# INFORMATION SHOWN:
■ ■ ■

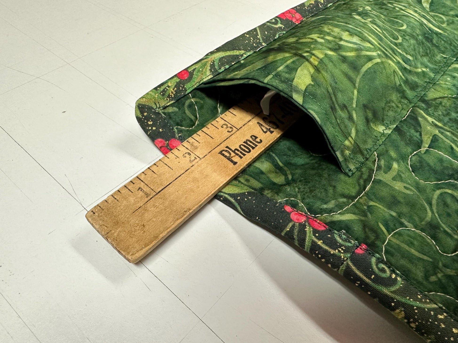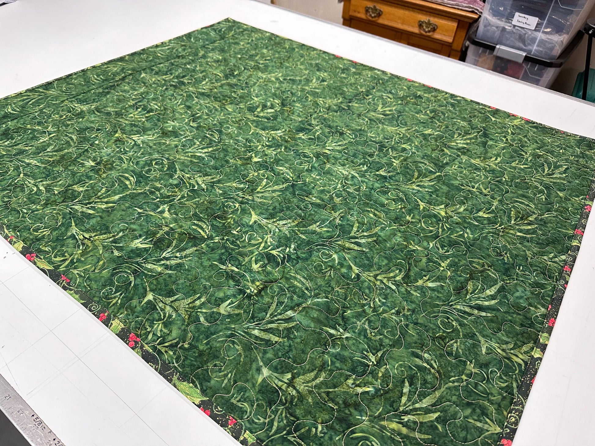 This Christmas blanket uses Hobbs 80/20 batting and is machine quilted with a tan thread and a meandering allover design.
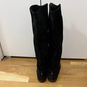 Jimmy Choo Bree Suede Flat Knee High Boots Black 36 1/2 36.5
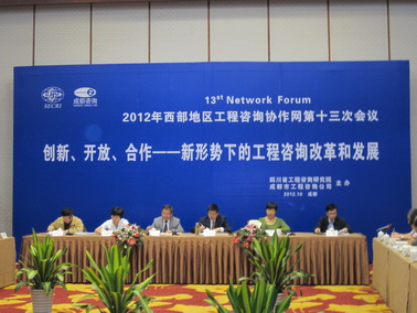 2012年10月10日,西部地區(qū)工程咨詢協(xié)作網(wǎng)第十三次會(huì)議在成都召開。來自西部地區(qū)的13家成員單位,以及國家發(fā)改委國家投資項(xiàng)目評審中心、中國國際工程咨詢公司等23家綜合性工程咨詢單位的特邀代表參會(huì)。中心黨委委員、總工程師王沛皇參加了會(huì)議。

■ ■ ■

# TASK TO CARRY OUT:
Transcribe the listing exactly; omit all images.

# ANSWER FOR THE TASK:
 This Christmas blanket uses Hobbs 80/20 batting and is machine quilted with a tan thread and a meandering allover design.
 Jimmy Choo Bree Suede Flat Knee High Boots Black 36 1/2 36.5
 2012年10月10日,西部地區(qū)工程咨詢協(xié)作網(wǎng)第十三次會(huì)議在成都召開。來自西部地區(qū)的13家成員單位,以及國家發(fā)改委國家投資項(xiàng)目評審中心、中國國際工程咨詢公司等23家綜合性工程咨詢單位的特邀代表參會(huì)。中心黨委委員、總工程師王沛皇參加了會(huì)議。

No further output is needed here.